▶ _Data extracts_:
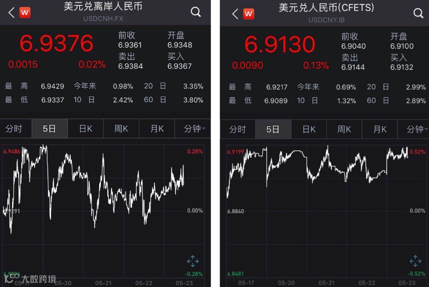 5月23日,在岸和离岸人民币兑美元汇率小幅走贬,截至记者发稿前(16:50),在岸和离岸跌幅不足百点,在岸在6.91附近震荡,离岸则连续多日在6.93附近波动。不少分析人士指出,从近期央行频频出手稳汇率的诸多动作看,人民币汇率短期内破7不太可能。
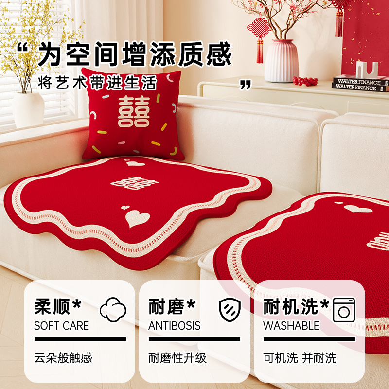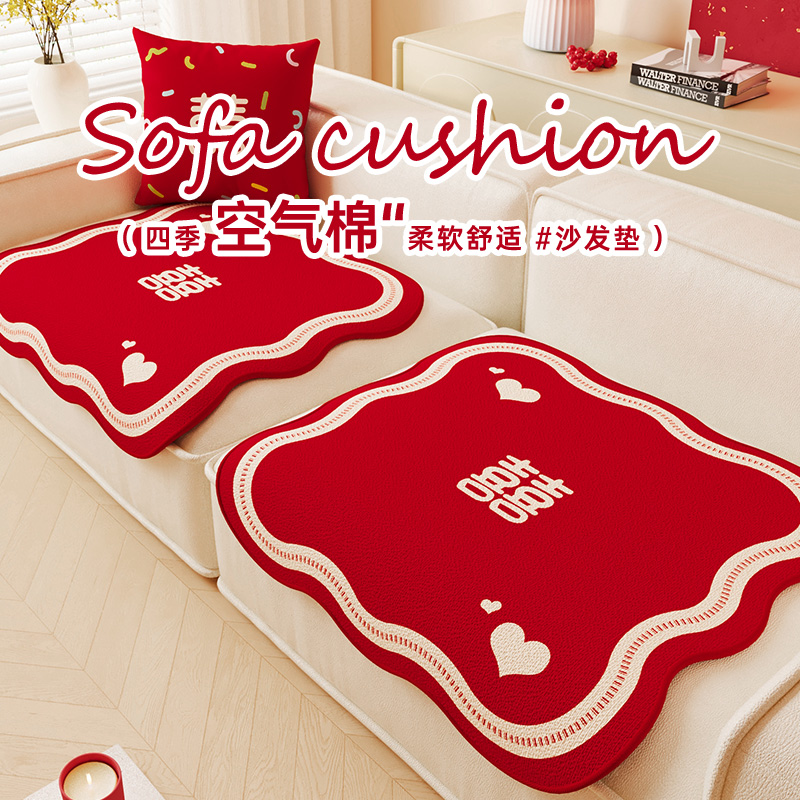 喜庆红色直排沙发坐垫 结婚单人椅垫2025年新款 分体式 沙发垫分片式
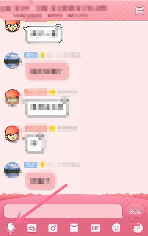 3、进入到群的聊天页面后,再接着点击下方的对话框里的【语音】图标;
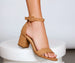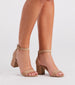 These basic short block heels are a definite must-have you need in your closet. They feature an open almond-shaped toe with a strap, an adjustable ankle strap, and a short block heel for comfortable wear. Style these heels with a midi dress and a boyfriend blazer for the perf workwear look.
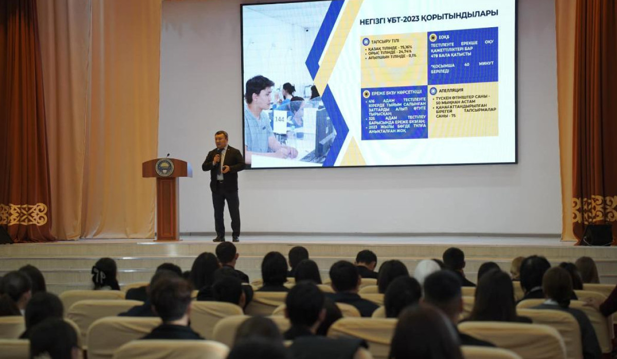 Мектеп бітіруші түлектермен кездесу барысында университет ректоры Думан Орынбеков шараның негізгі мақсаты мен мамандық таңдаудың маңыздылығын жете түсіндірді.
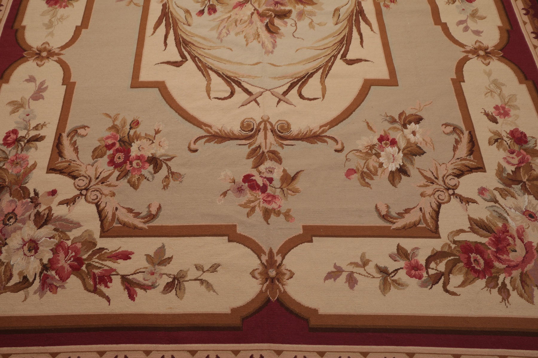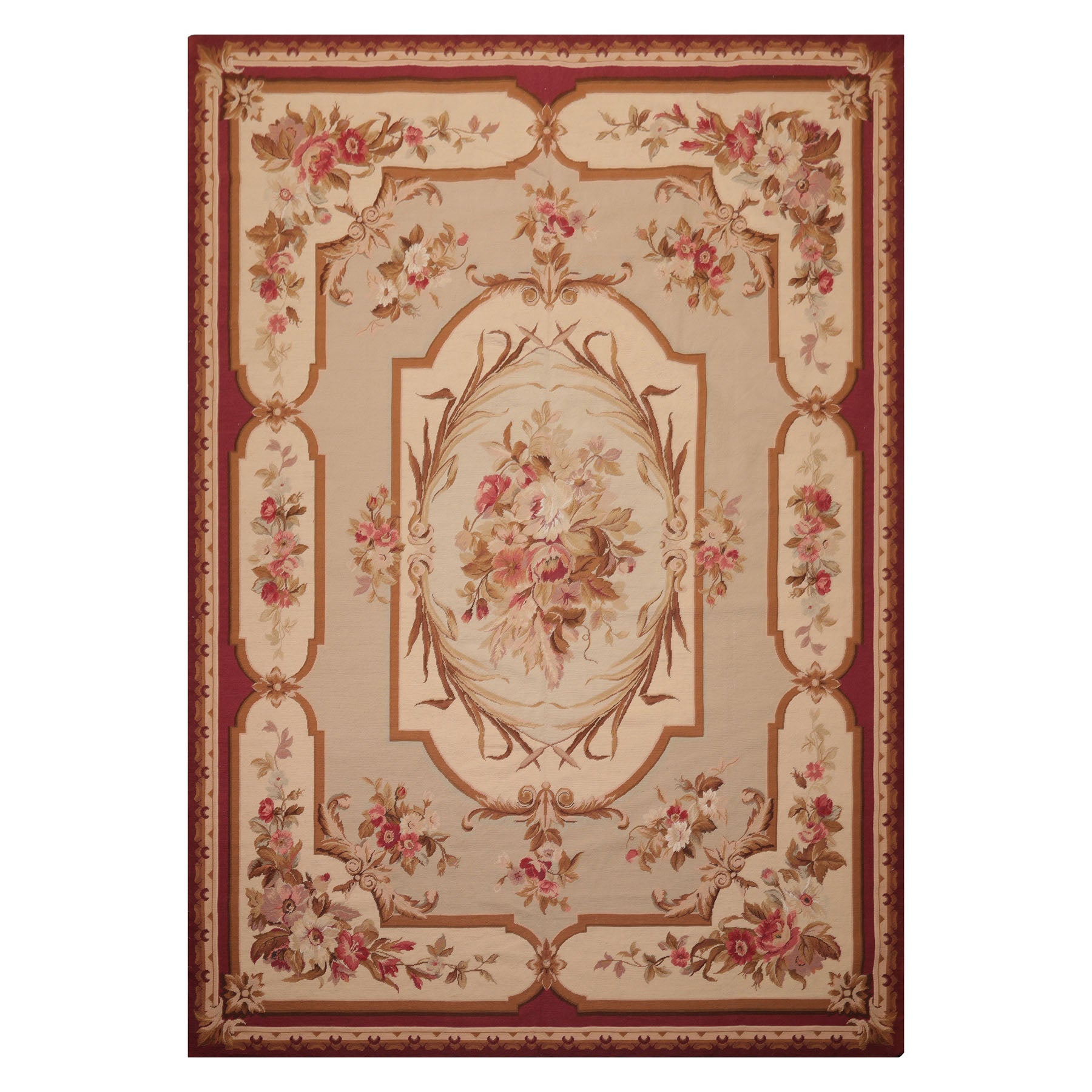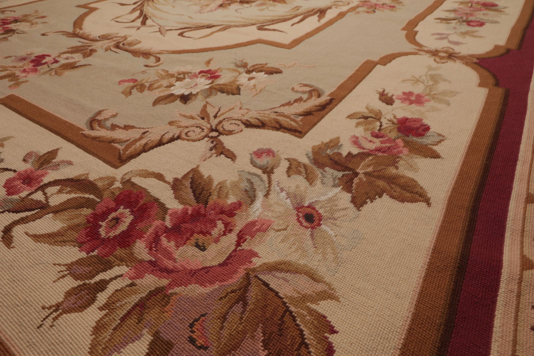Before you is a beautiful handwoven French Aubusson needlepoint rug from China that captures timeless European elegance in a delicate flatweave form. A graceful central floral medallion sits on an ivory and beige backdrop framed by scrolling garlands and rose bouquets in shades of burgundy gold mint and brown. The refined palette and ornate detailing echo 18th-century French sophistication perfect for formal interiors or under fine furnishings. Lightweight and luxurious this piece brings soft beauty and aristocratic charm to any sophisticated setting.
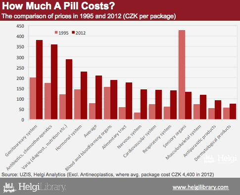 Prices per package have doubled since 1999 to CZK 209 per pack in 2012. Prices for Antineoplastics and drugs for nervous system have increased the most
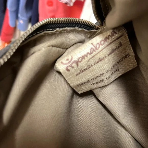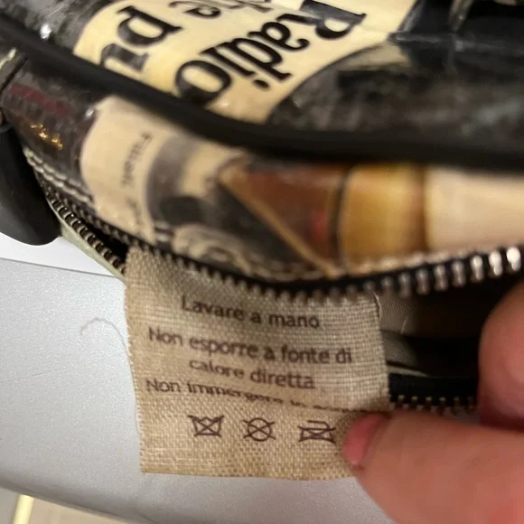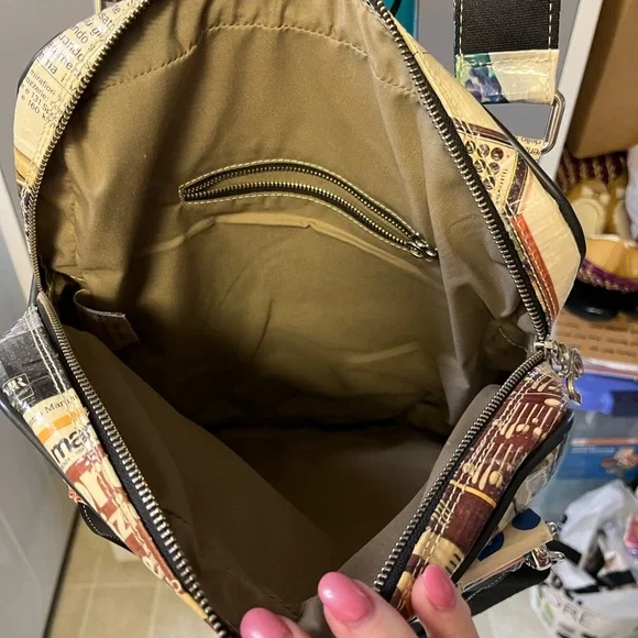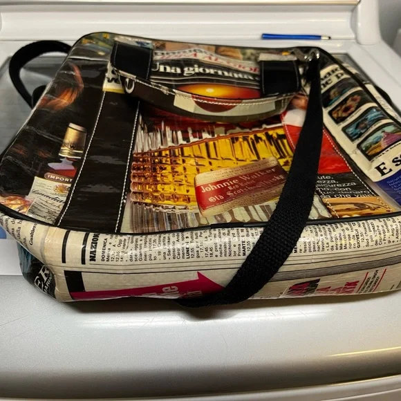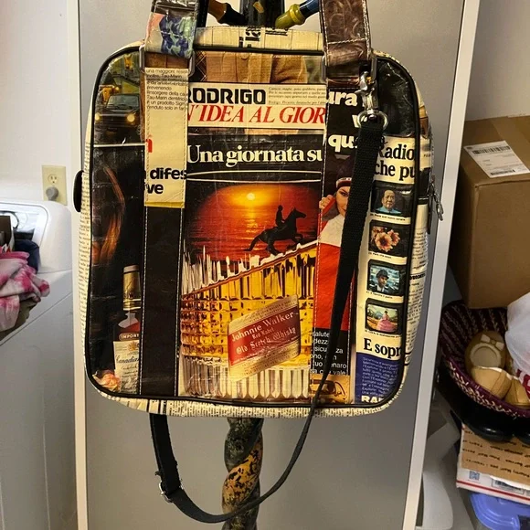 The gorgeous momaboma bag can be carried as a satchel (zippered top closure) , backpack, or a crossbody with its removable nylon strap. It is made from Italian newsprint treated with resin, polypropylene and vinyl. It has a zippered outer pocket. It is handmade in Italy. The interior has a fabric lining with a zipper pocket. Measures approximately 13” high 12” wide with a base width of 3 1/4”. Excellent condition.

▶ _Exercise description_:
For this task, return exactly the stretch of the listing above from the line with "These basic short" through the line with "Мектеп бітіруші түлектермен", inclusive and without pictures.

▶ _Result for this exercise_:
 These basic short block heels are a definite must-have you need in your closet. They feature an open almond-shaped toe with a strap, an adjustable ankle strap, and a short block heel for comfortable wear. Style these heels with a midi dress and a boyfriend blazer for the perf workwear look.
 Мектеп бітіруші түлектермен кездесу барысында университет ректоры Думан Орынбеков шараның негізгі мақсаты мен мамандық таңдаудың маңыздылығын жете түсіндірді.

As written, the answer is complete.